> Given information
++++++++++++++++++++

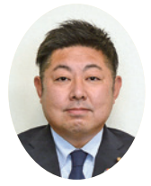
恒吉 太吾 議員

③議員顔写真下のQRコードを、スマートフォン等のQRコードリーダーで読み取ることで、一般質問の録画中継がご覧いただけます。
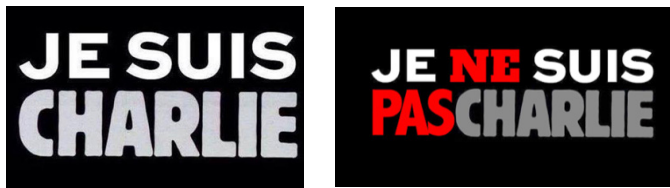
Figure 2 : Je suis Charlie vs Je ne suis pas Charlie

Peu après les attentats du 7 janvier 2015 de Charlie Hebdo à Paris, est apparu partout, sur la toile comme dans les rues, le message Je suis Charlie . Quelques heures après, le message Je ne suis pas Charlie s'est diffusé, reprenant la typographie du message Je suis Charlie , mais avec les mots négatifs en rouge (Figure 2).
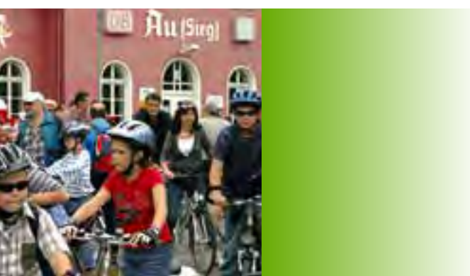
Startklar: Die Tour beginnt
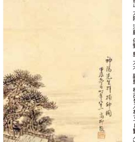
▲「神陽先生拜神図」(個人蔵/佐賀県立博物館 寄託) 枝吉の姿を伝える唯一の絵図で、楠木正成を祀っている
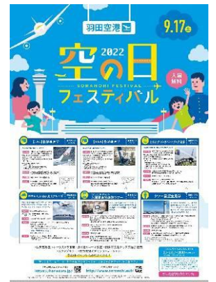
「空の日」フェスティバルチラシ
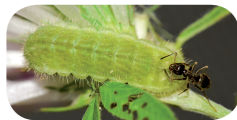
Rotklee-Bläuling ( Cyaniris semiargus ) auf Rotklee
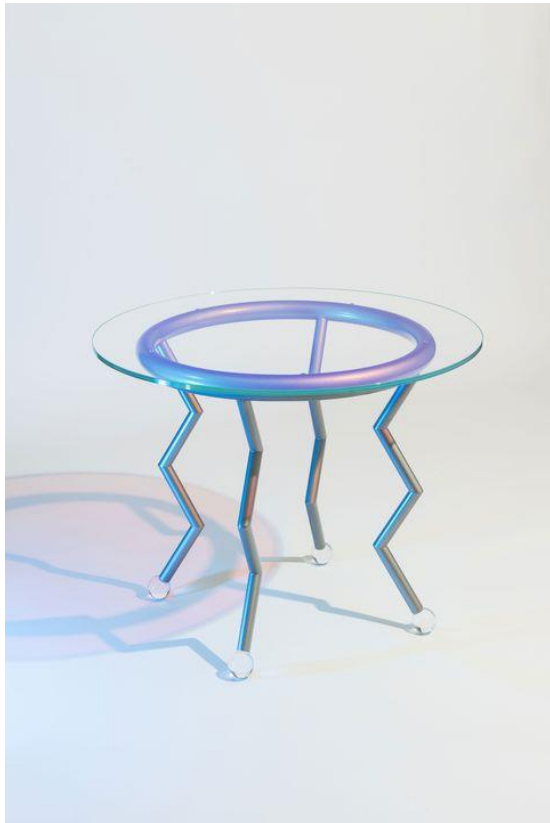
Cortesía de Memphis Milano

++++++++++++++++++++

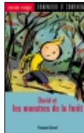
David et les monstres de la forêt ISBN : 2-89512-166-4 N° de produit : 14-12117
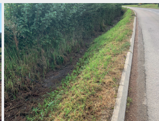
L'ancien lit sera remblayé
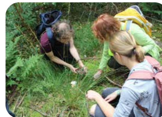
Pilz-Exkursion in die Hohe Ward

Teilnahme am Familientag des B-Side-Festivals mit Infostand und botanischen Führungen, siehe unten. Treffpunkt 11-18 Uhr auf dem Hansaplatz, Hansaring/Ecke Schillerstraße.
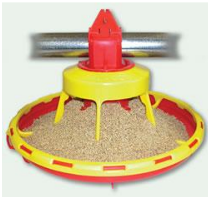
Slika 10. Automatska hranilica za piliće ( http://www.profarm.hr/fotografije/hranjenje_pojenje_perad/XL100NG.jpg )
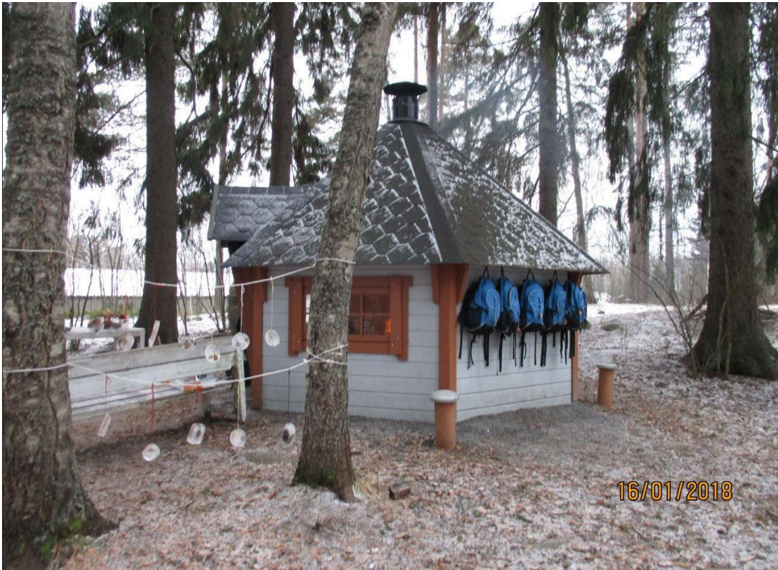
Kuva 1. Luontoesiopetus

++++++++++++++++++++

> Task details
Go back to the lines above and output, exactly as they stand, the ones from the line containing "Rotklee-Bläuling ( Cyaniris" to the line containing "Cortesía de Memphis Milano". Leave all pictures behind.

> Result
Rotklee-Bläuling ( Cyaniris semiargus ) auf Rotklee
Cortesía de Memphis Milano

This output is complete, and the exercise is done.